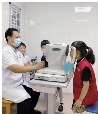
为小记者做检查

……”活动中,王医师从学习、饮食、日常用眼等方面,结合实例形象生动地讲解眼睛的知识,并且指出生活中有可能造成近视的隐患,让小记者们明白保护眼睛的重要性。随后,小记者们在医生的指导下参观了眼科中心,沉浸式了解医学验光检查设备及流程。看着这么多的设备,孩
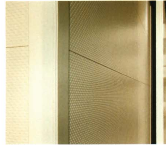
アイボリーホワイト

細やかな菱形エンボスでシャープな印象に。 シンプルで雰囲気ある建物を演出します。
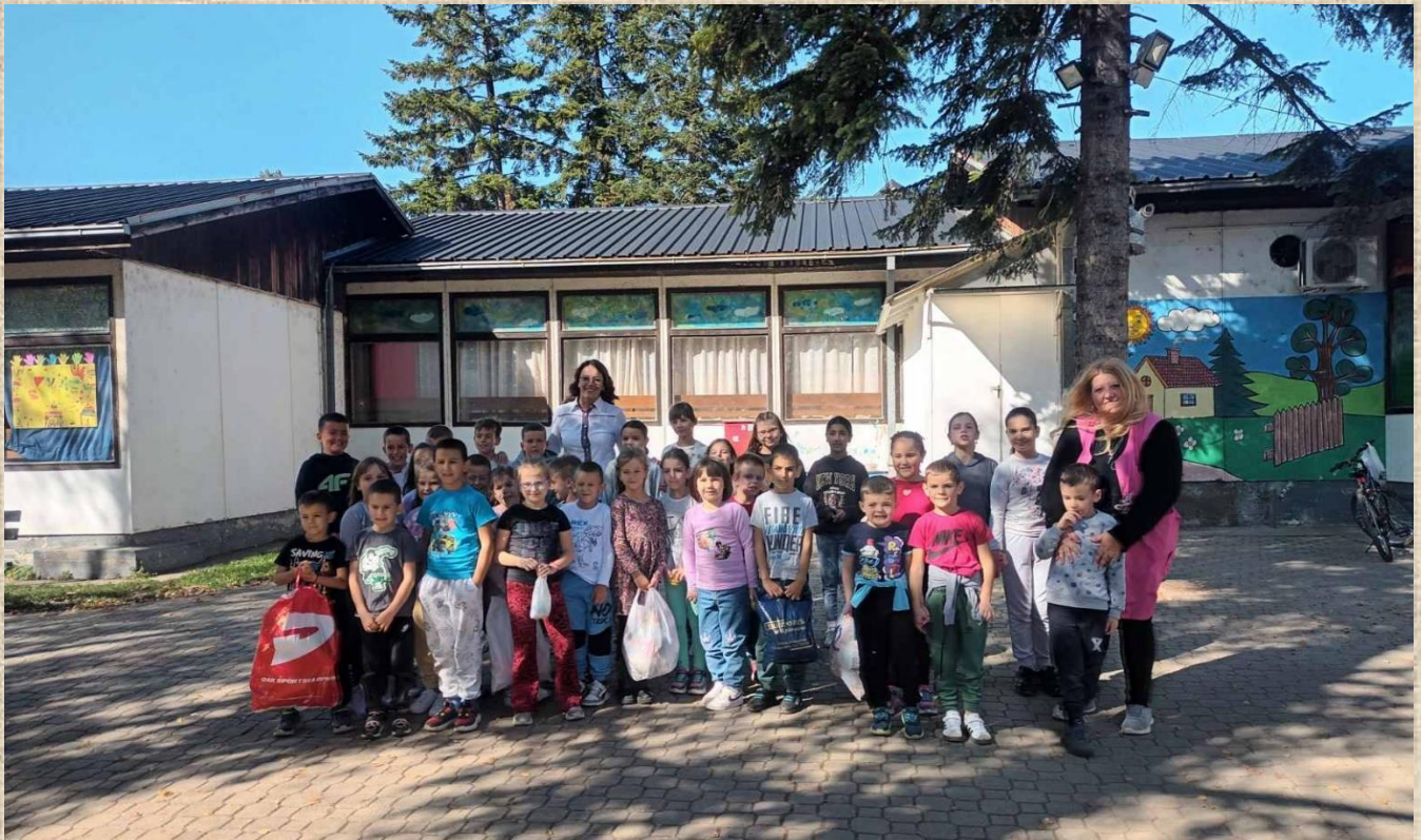
20. октобар 2024. Ученици 3. разреда обележили су Дан здраве хране, 16. октобар, као и Дан јабука, 20. октобар.
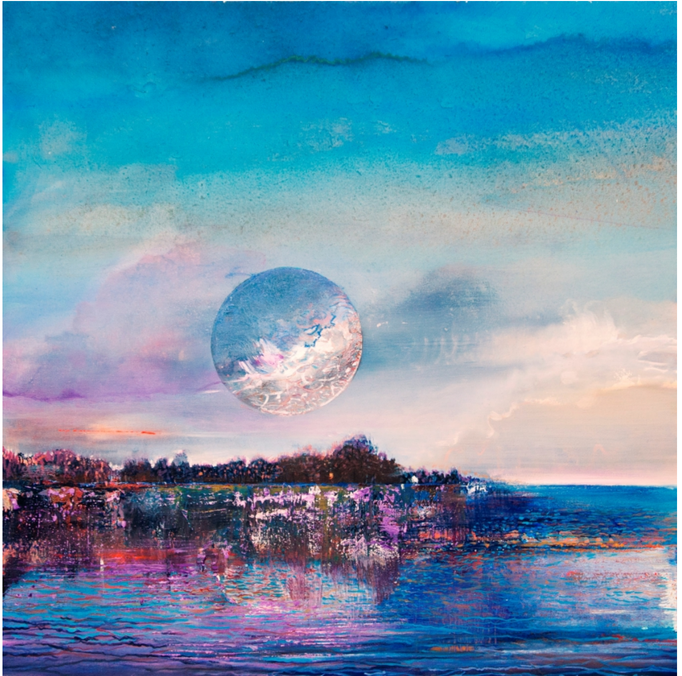
Full Moon 60 x 60 cm, 2022
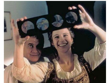
2001 THE EMPEROR'S NEW CLOTHES d'Alan Taylor avec Iben Hjejle
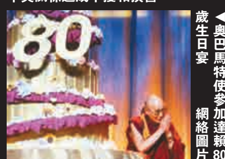
▲奧巴馬特使參加達賴慶生 生日宴 80

華春瑩表示，中方敦促美方恪守承認西藏是中國一部分、不支持「西藏獨立」的承諾，採取切實措施糾正錯誤、消除惡劣影響，停止為「藏獨」勢力提供任何便利和支持，以免對中美關係造成干擾和損害。
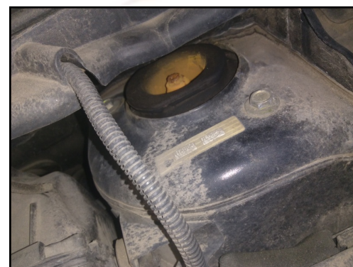
TORRE AMORT DIANT / ESQUERDA
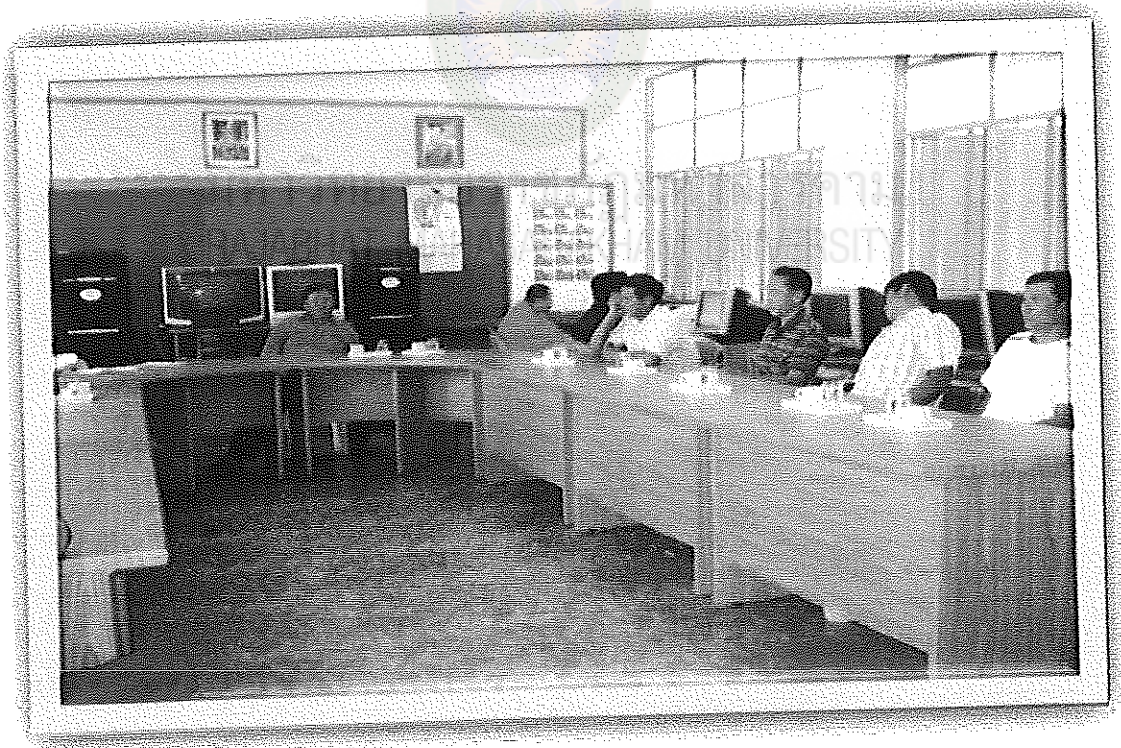
ภาพภาคผนวกที่ 2 กิจกรรมการประชุมคณะกรรมการสถานศึกษา
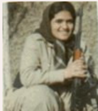
ادمن فرح ★
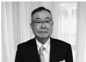
三里浜オリーブ生産組合 (白方町)

三里浜砂丘地で、耕作放棄地の解消や新たな特産品の創出などを目的に地元有志が集まり、オリーブ栽培を開始。収穫した実をオイルや塩漬けなどの加工品にしています。収穫祭の開催など、PR活動にも積極的に取り組んでいます。
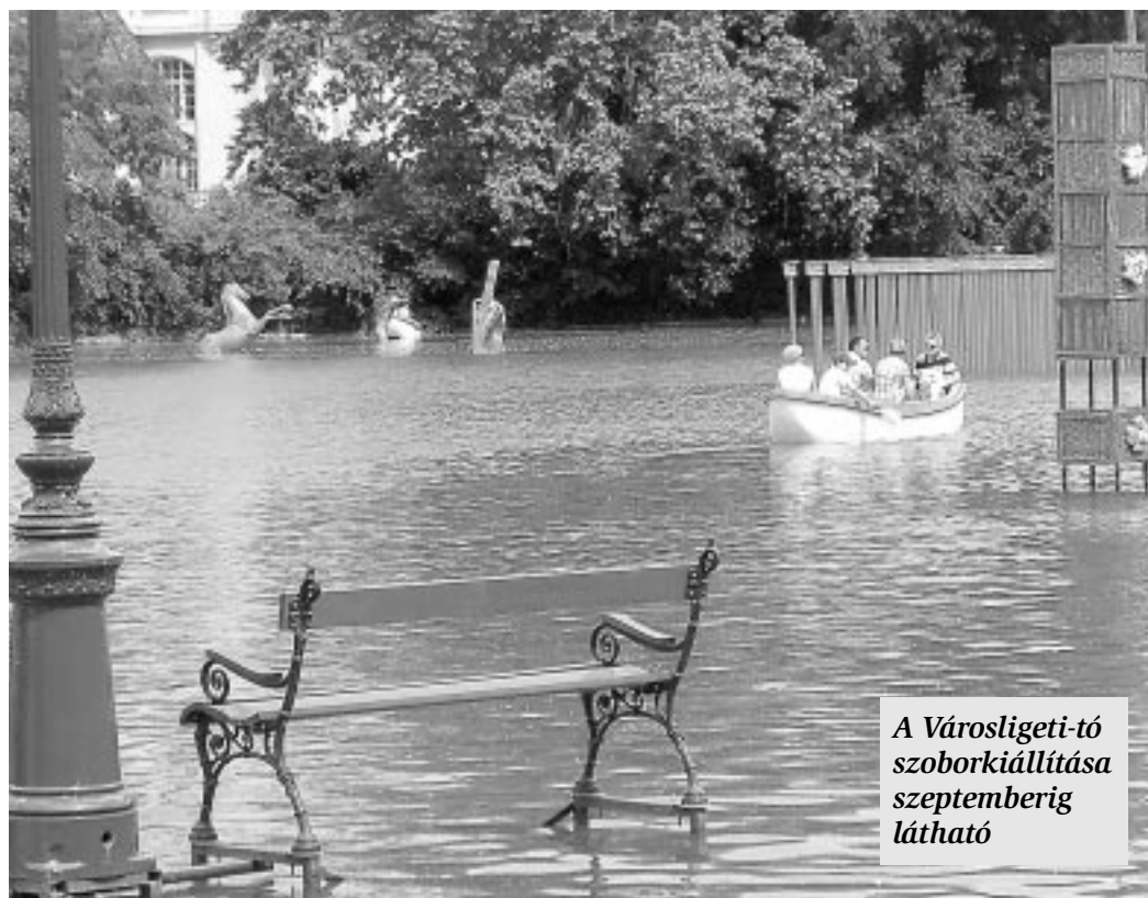
A Városligeti-tó szoborkiállításá szeptemberig látható
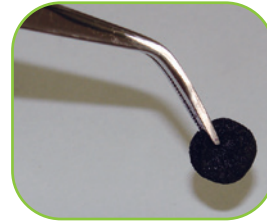
ブラークテクト・ペレットブルー

標準価格 3,200 円 (税別) 医療機器届出番号 13B1X00133000037
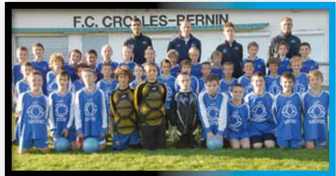
2010 Groupe U11
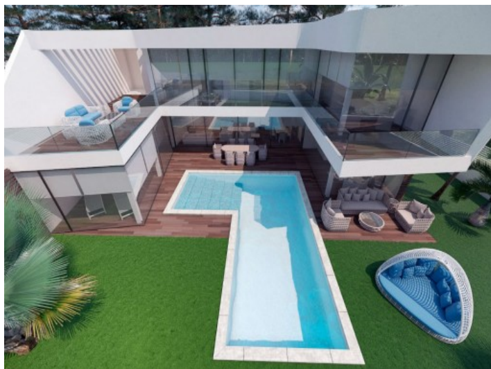
Außenansicht der luxuriösen Villa
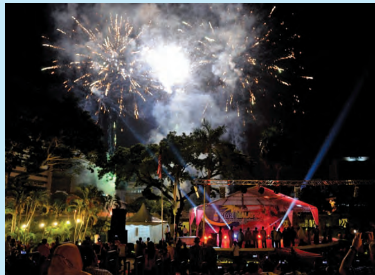
Ending the night with fireworks going off into the sky, wishing our country a very happy Malaysia Day.
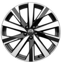
5マルチスポーク 9.0J×20インチ ダイヤモンドカット/ブラック
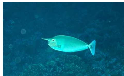
Nason à rostre court max 60 cm
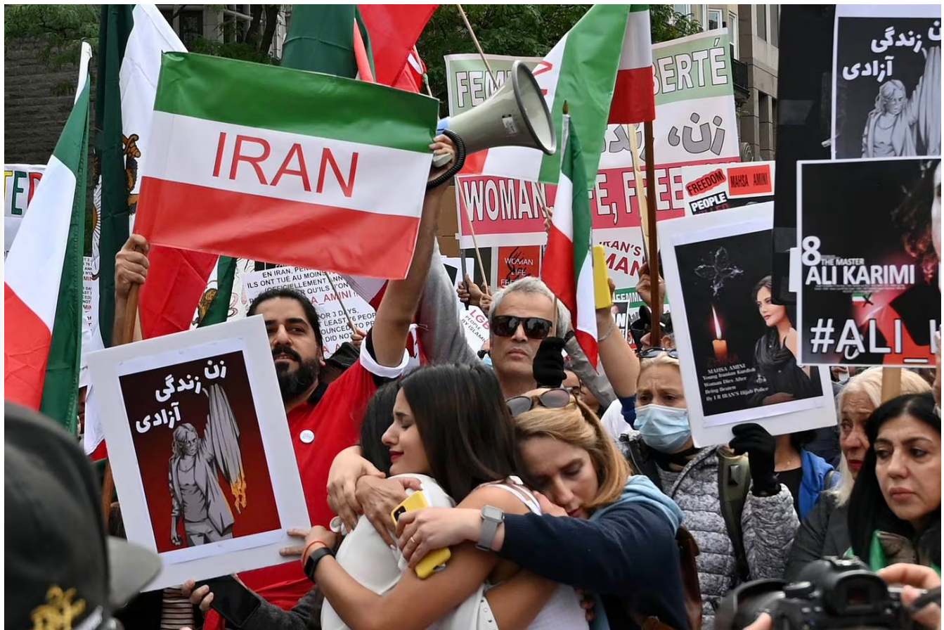
Las manifestaciones, las más importantes en Irán desde las del 2019, fueron reprimidas con sangre.
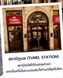
สถานีทูนเนล (TUNEL STATION) สถานีรถไฟใต้ดินสายเก่าแก่ และเป็นหนึ่งในระบบขนส่งที่เก่าแก่ที่สุดในโลก
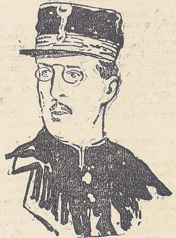
Король бельгийцевъ Альбертъ I. Последний портретъ короля-героя, сдѣланный англійскимъ художникомъ г. Спидомъ (Speed) на полѣ битвы.

ровъ продолжается мншная борьба, поддерживаемая временами артиллерійскимъ огнемъ. Пѣхотныхъ атакъ не предпринимается. Британскіе аэропланы сбивли германскій аппаратъ съ востоку отъ Даллесебе.
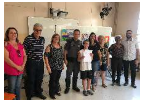
Premiação Concurso de Cartaz Sobre a Paz
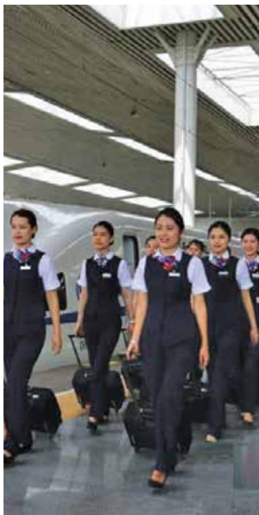
От момичетата се изисква не само плетелност, но и поведение и умения, които да будят възхищение

столиците на провинциите Анхуй и Фудзиен, преминавайки през редица планински райони помежду им (85 на сто от жп линията минава през тунели и мостове). То е наречено най-красивата скоростна железница в Китай, тъй като направлението има редица популярни за туристите природни забележителности.
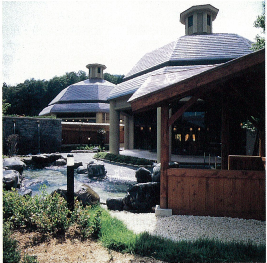
写真3 山の湯（露天風呂）
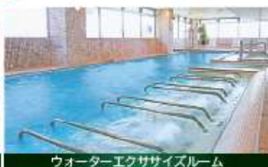
ウォーターエクササイズルーム
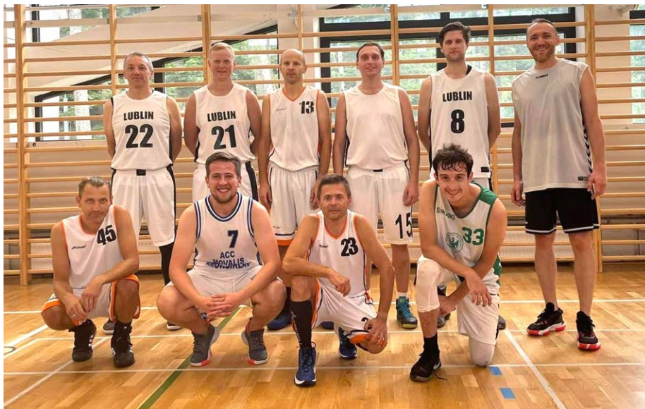
Reprezentacja Świętokrzyskiej Izby Lekarskiej w koszykówce odniosła historyczne zwycięstwo - zdobyła złoty medal na 19. Igrzyskach Lekarzy w Zakopanem.
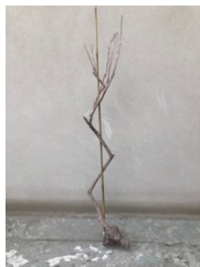
< Tutor >
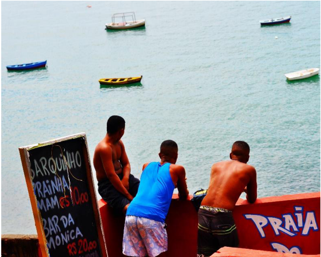
Prainha do Museu de Arte Moderna – MAM. Enseada localizada no Parque do MAM

A essas, somam-se iniciativas como hortas comunitárias, escolas populares, coletivos culturais, mutirões habitacionais e plataformas digitais colaborativas, que operam como formas de reapropriação do espaço e produção de novas territorialidades. Essas expressões de resistência não apenas contestam a lógica dominante, mas também criam alternativas concretas e cotidianas à urbanização excludente e ao esvaziamento das relações sociais promovido pelo capital.
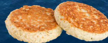
Haukimurekepihvi 70 g
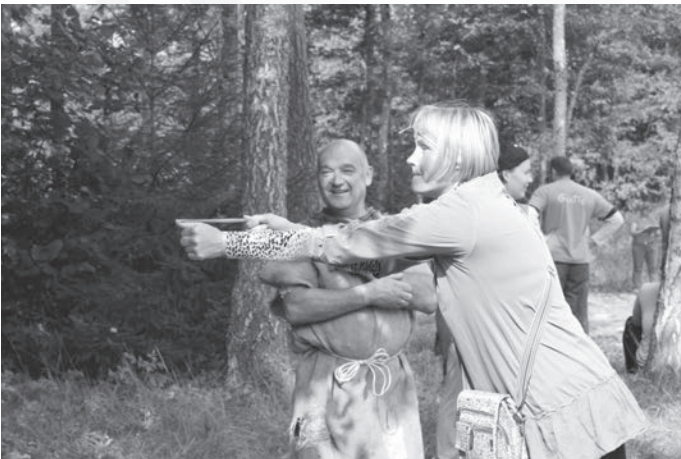
Foresta Kauss 2014 "Forsteros" - "Šaušana ar plūrkšķi"
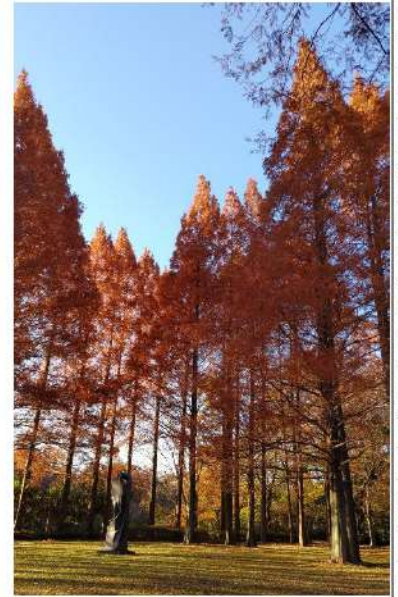
わかば公園 メタセコイアの紅葉

ある地域で数年前、空き巣が多発し、その防犯対策として、 センサーライト (人や動物を検知して自動的に一定期間点灯するライト)を設置したところ、短期間で被害が減少したとの事例がありました。防犯対策の一つとして、何か一つ取り組んでみませんか！ —来年が会員の皆様にとって 健康で最良の年になりますように—
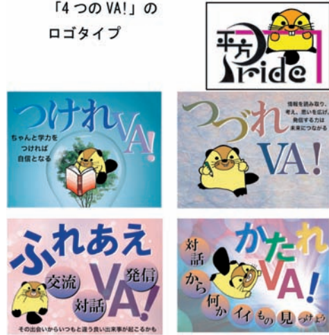
図11 学校教育目標を示すロゴタイプと学校キャラクターの「マナビバー」の組合せ、「4つのVA!」のロゴタイプ

にこうした言葉が飛び交い、自分たちが取り組んでいることへの特別感、連帯感が高まっている。これらの感覚は、モチベーションの高揚となり、結果的に「チーム学校」の意識化につながるのである。
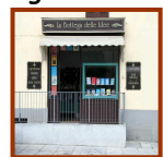
La Bottega delle Idee Castiglione Olona
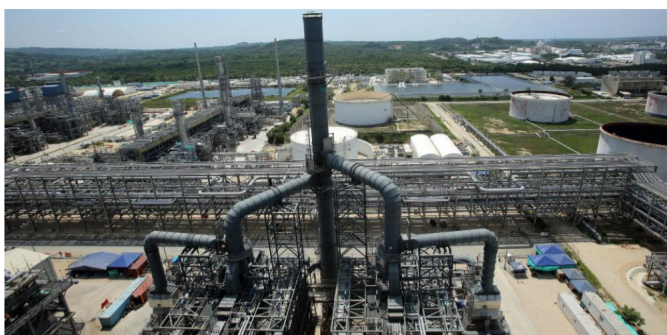
La refinería Reficar de Cartagena.
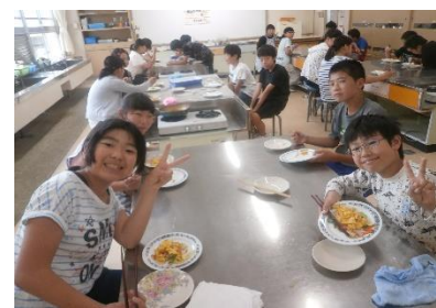
6年生 家庭科調理実習
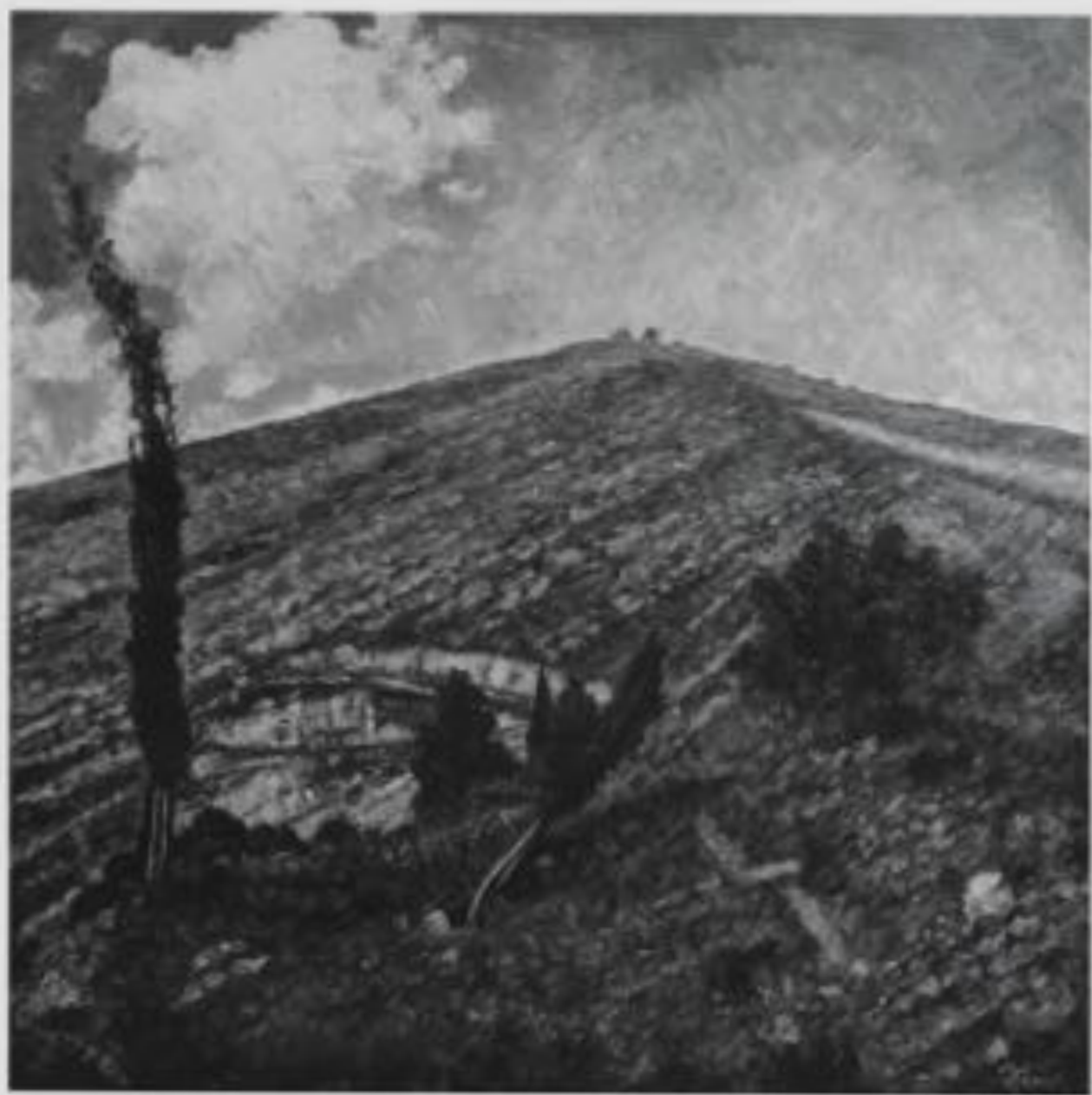
A Skyline Made of Fake Plates, 2013

-=-=-=-=-

**WORK REQUIRED:** From the records above, extract the lines from the one holding "ภาพภาคผนวกที่ 2 กิจกรรมการประชุมคณะกรรมการสถานศึกษา" through the one holding "Las manifestaciones, las", word for word; omit the pictures.

**SOLVED EXERCISE:**
ภาพภาคผนวกที่ 2 กิจกรรมการประชุมคณะกรรมการสถานศึกษา
ادمن فرح ★
三里浜オリーブ生産組合 (白方町)

三里浜砂丘地で、耕作放棄地の解消や新たな特産品の創出などを目的に地元有志が集まり、オリーブ栽培を開始。収穫した実をオイルや塩漬けなどの加工品にしています。収穫祭の開催など、PR活動にも積極的に取り組んでいます。
A Városligeti-tó szoborkiállításá szeptemberig látható
ブラークテクト・ペレットブルー

標準価格 3,200 円 (税別) 医療機器届出番号 13B1X00133000037
2010 Groupe U11
Außenansicht der luxuriösen Villa
Ending the night with fireworks going off into the sky, wishing our country a very happy Malaysia Day.
5マルチスポーク 9.0J×20インチ ダイヤモンドカット/ブラック
Nason à rostre court max 60 cm
Las manifestaciones, las más importantes en Irán desde las del 2019, fueron reprimidas con sangre.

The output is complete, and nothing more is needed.